- Born: October 6, 1955 (age 70) United States
- Occupations: Author and AIDS activist

= Richard Berkowitz =

American AIDS activist and writer

Richard Berkowitz (born October 6, 1955) is a gay American author and activist best known as an early advocate of safe sex in response to the AIDS crisis among gay men in the 1980s. The award-winning 2008 documentary Sex Positive directed by Daryl Wein is about his life and activities.

==Life and career==
Berkowitz was born to Jewish parents and raised in New Jersey, where he attended Rutgers University in the mid-1970s. While in college, he helped to organize what he believes was the first gay rights protest in the state, demonstrating against an anti-gay effigy hung by the Delta Kappa Epsilon fraternity. After college, Berkowitz moved to New York City in 1978 or 1979, earning a living as a self-described S&M hustler.

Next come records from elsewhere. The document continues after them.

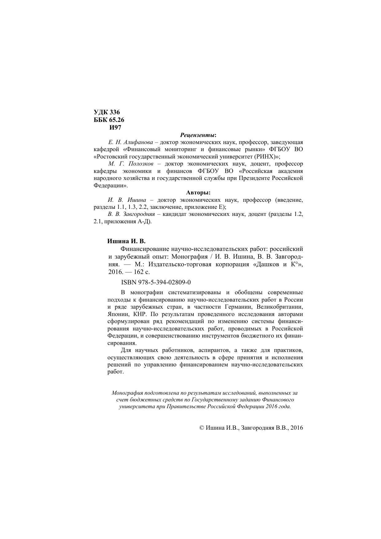 В монографии систематизированы и обобщены современные подходы к финансированию научно-исследовательских работ в России и ряде зарубежных стран, в частности Германии, Великобритании, Японии, КНР. По результатам проведенного исследования авторами сформулирован ряд рекомендаций по изменению системы финансирования научно-исследовательских работ, проводимых в Российской Федерации, и совершенствованию инструментов бюджетного их финансирования.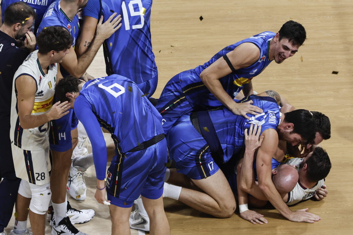 Lacrime di gioia, lacrime azzurre. L’Italia della pallavolo maschile si conferma campione del mondo, ribadendo a tutti che i più forti siamo noi, sia con gli uomini che con le donne. Tre settimane fa l’impresa firmata dalle ragazze di Julio Velasco, adesso i ragazzi di Fefè De Giorgi, uno di quelli che faceva parte della squadra allenata dal ct argentino negli anni novanta. L’ultimo ostacolo spazzato via nella solita maniera. Cuore, concentrazione e grande pallavolo. Nella pallavolo, come nel tennis, non ce n’è per nessuno. Neanche la Bulgaria ha potuto fermare una squadra che aveva in testa un solo obiettivo: vincere. Una vittoria quasi mai in discussione: 22 punti di Romanò e 19 di Bottolo sono i migliori realizzatori di una partita in cui gli azzurri si sono “assentati” solo un set. Per il resto hanno controllato la Bulgaria a muro, limitando spesso Alex Nikolov e sfruttando la maggiore varietà in attacco. Micidiali in battuta (7 ace di Bottolo, 5 di Romanò) e bravi con Giannelli a dettare i tempi del gioco non lasciando scampo alla Bulgaria. Festeggia anche il presidente della Repubblica Mattarella: “Bravi, vi aspetto al Quirinale”.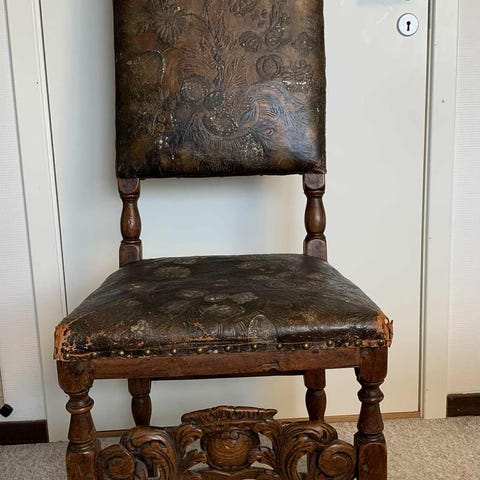 Gammel gyldenlær stol med utskårne ben og ryggstøtte. Stolen har slitt overflate og patina som viser alder og bruk. Egnet som dekorasjon eller samlerobjekt. Selges rimelig . Må hentes innen 6. januar . Gi bud !
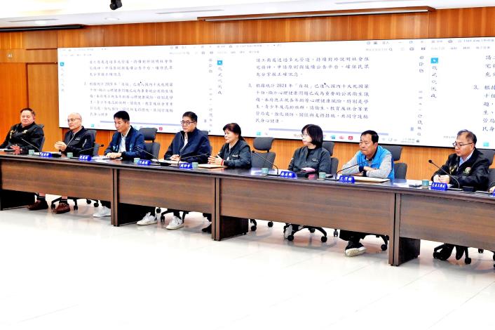 - 根據統計2024年「自殺」已進入國內十大死因第 十位,顯示心理健康問題已成為重要的公共衛生議 題,本府應正視各年齡層心理健康風險,特別是學 生、青少年及高齡族群,請衛生、教育及社會等業 管局處,強化預防、關懷與支持措施,共同守護縣 民身心健康。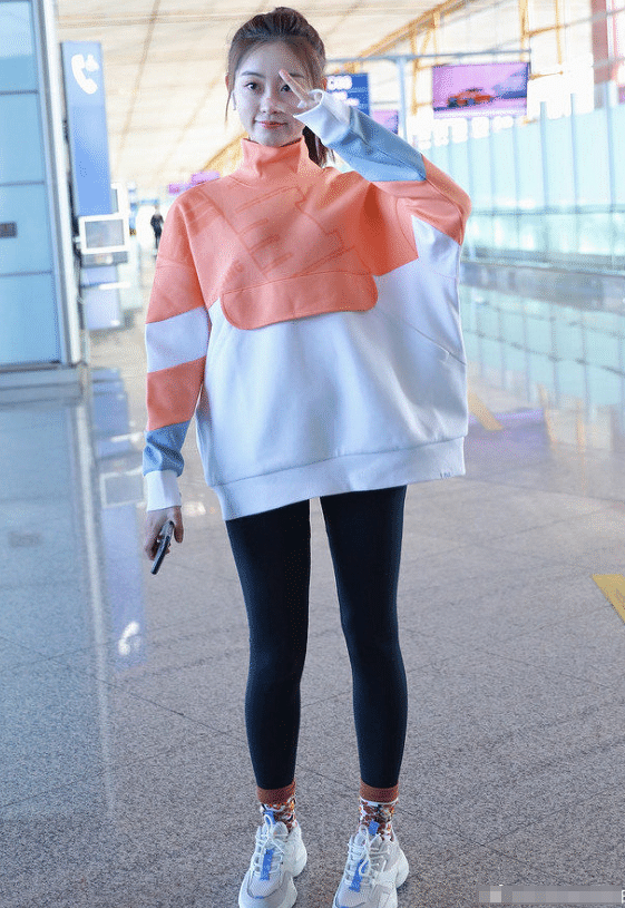 leggings最常见的搭配就是上身穿着一件宽松的卫衣或者是短袖t,脚上搭配运动鞋,祝绪丹这一套打底裤与拼色卫衣的搭配很有青春活力感,祝绪丹的腿虽然没有关晓彤那般细长,但腿型也是蛮好看的,穿上leggings很好的修饰出了她的腿型,脚上袜子包裤腿的穿法也很时尚。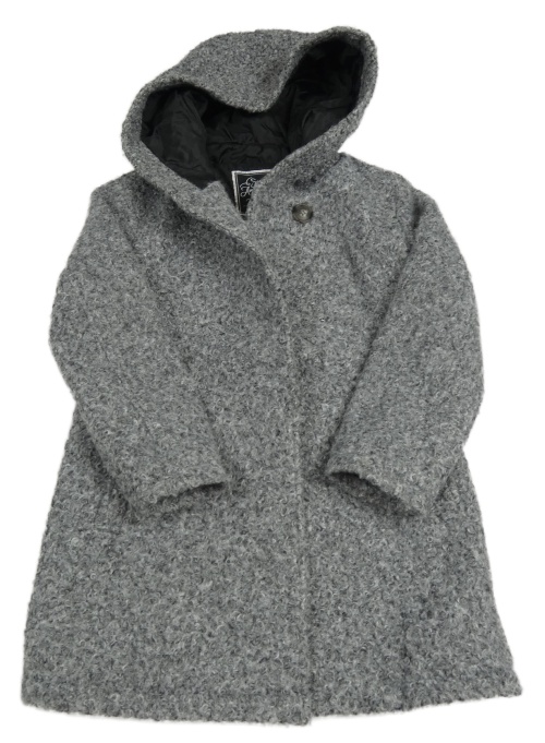 Šedý melírovaný huňatý zateplený kabát s kapucí C&A

Even before AIDS was recognized as a syndrome, Berkowitz became concerned about protecting his clients, many of whom were married, from sexually transmitted diseases. He met physician Joseph Sonnabend and became a patient, learning from Sonnabend the practices for risk reduction that would later become known as safe sex. His early work with Sonnabend and singer and activist Michael Callen noted behaviors including drug use, multiple sexual partners, and unsafe sexual practices in the gay community for transmission. These claims were considered controversial by early leaders of Gay Men's Health Crisis and many activists took issue with the language of their message and its implications. The 1983 pamphlet How to Have Sex in an Epidemic: One Approach by Callen and Berkowitz (in consultation with Sonnabend) is widely considered the first sex-positive guide to practicing safe sex. Berkowitz tested positive for HIV in 1984 but was able to avoid taking any anti-viral drugs until 1995.

==In the media==
- Berkowitz is the subject of the 2008 documentary Sex Positive directed by Daryl Wein and winner of the 2008 Outfest Grand Jury Prize for Best Documentary. The film was released on DVD in June 2010.
- Berkowitz is featured in the second episode of the fifth season of the podcast Fiasco, hosted by Leon Neyfakh.

==Selected publications==
- Richard Berkowitz and Michael Callen, with Joseph Sonnabend (1983). How to Have Sex in an Epidemic: One Approach. News From The Front Publications
- Berkowitz, Richard (2003). Stayin' Alive: The Invention of Safe Sex. Basic Books. ISBN 978-0-8133-4092-0.